## EXERCISE PROMPT
Look for the line containing "Our new Art" and the line containing "夢100、なんとこんな太っ腹なガチャを開催しています! 「10章リリース記念 ロイヤルプリンスガチャ」" in the entries below. Copy those two and all lines between them exactly, leaving out pictures.

## DATA EXTRACTS
^^^^^^^^^^^^^^^^

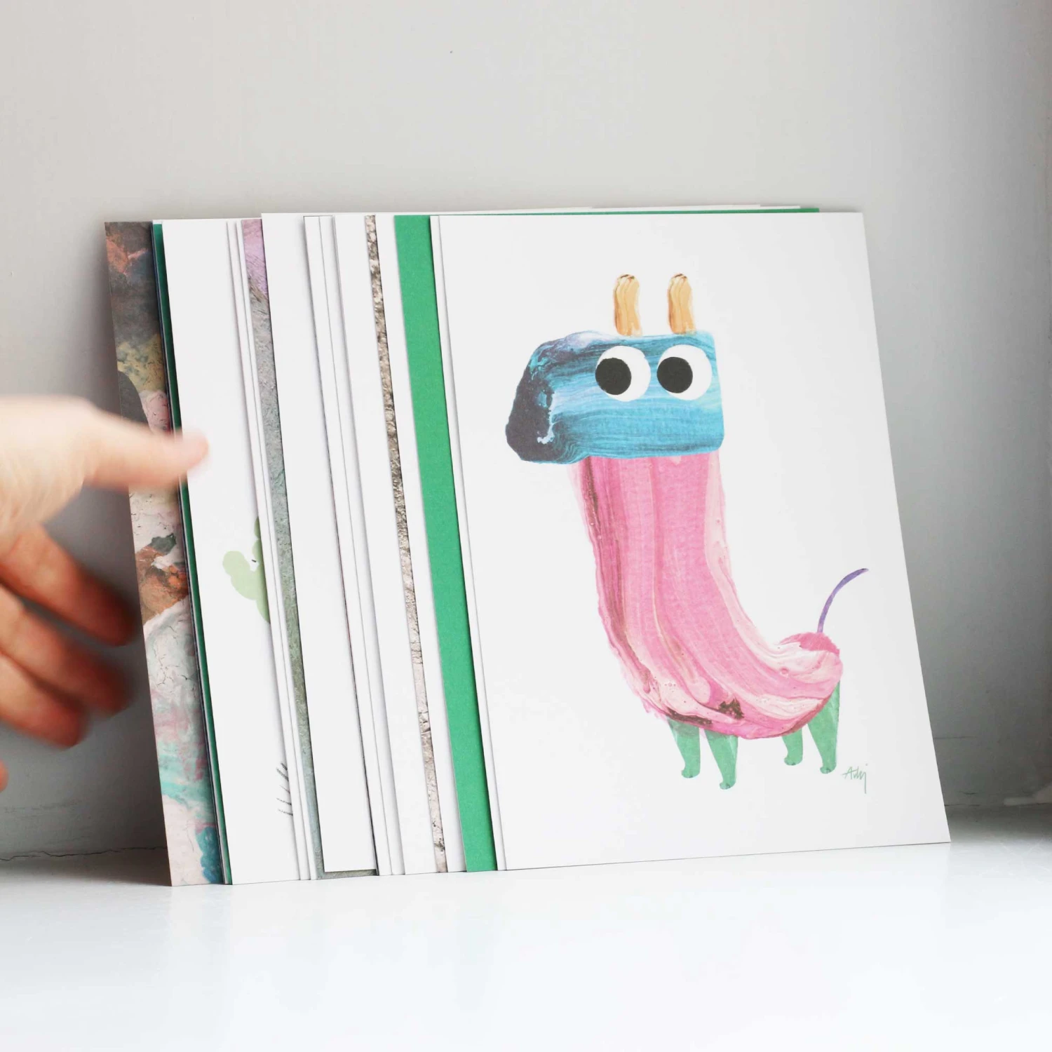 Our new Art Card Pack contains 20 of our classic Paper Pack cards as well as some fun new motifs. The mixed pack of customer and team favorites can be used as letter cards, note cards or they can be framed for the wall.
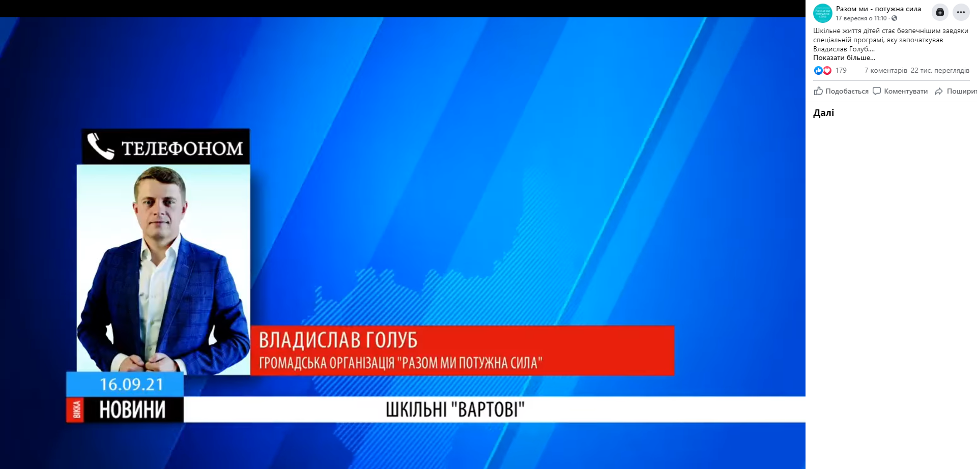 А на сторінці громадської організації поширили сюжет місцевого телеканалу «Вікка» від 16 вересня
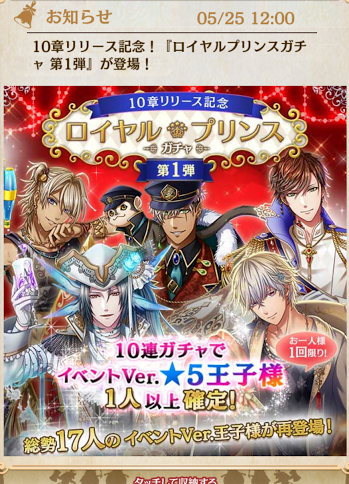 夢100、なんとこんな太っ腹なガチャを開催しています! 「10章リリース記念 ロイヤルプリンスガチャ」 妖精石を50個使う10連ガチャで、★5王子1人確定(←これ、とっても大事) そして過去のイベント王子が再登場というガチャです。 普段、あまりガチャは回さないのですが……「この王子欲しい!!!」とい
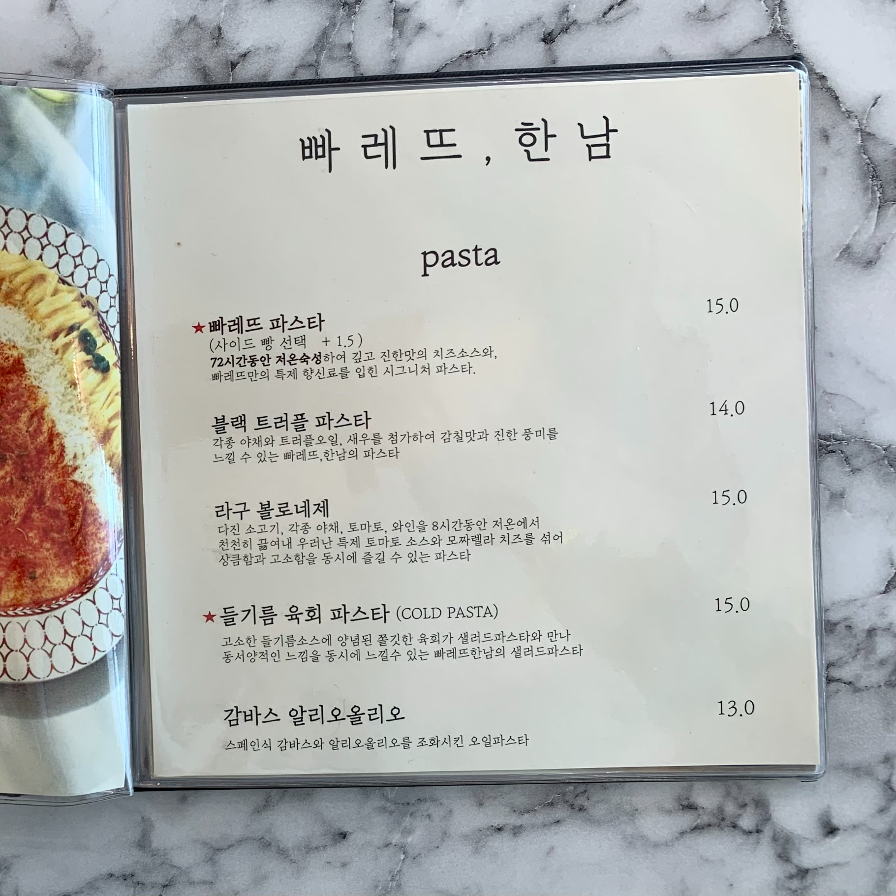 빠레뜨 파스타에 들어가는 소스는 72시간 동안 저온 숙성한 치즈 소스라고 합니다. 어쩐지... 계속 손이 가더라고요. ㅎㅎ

^^^^^^^^^^^^^^^^

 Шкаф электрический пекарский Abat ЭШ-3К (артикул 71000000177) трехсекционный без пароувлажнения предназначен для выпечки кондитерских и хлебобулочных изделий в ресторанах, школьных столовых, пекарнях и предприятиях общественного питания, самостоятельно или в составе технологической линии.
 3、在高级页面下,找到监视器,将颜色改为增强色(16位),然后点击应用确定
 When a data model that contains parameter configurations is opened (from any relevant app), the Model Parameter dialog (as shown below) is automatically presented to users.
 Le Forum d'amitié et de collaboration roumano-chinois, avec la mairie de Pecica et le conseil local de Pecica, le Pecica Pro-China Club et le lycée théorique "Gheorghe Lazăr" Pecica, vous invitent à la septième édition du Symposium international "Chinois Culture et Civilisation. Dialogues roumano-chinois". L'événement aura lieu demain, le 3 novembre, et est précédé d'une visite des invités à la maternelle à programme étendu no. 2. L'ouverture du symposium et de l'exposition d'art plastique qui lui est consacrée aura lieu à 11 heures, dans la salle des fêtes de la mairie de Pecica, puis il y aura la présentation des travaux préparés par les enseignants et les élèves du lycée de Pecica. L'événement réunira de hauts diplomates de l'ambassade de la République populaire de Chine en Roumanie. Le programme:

^^^^^^^^^^^^^^^^

## RESULT OF THE TASK
 Our new Art Card Pack contains 20 of our classic Paper Pack cards as well as some fun new motifs. The mixed pack of customer and team favorites can be used as letter cards, note cards or they can be framed for the wall.
 А на сторінці громадської організації поширили сюжет місцевого телеканалу «Вікка» від 16 вересня
 夢100、なんとこんな太っ腹なガチャを開催しています! 「10章リリース記念 ロイヤルプリンスガチャ」 妖精石を50個使う10連ガチャで、★5王子1人確定(←これ、とっても大事) そして過去のイベント王子が再登場というガチャです。 普段、あまりガチャは回さないのですが……「この王子欲しい!!!」とい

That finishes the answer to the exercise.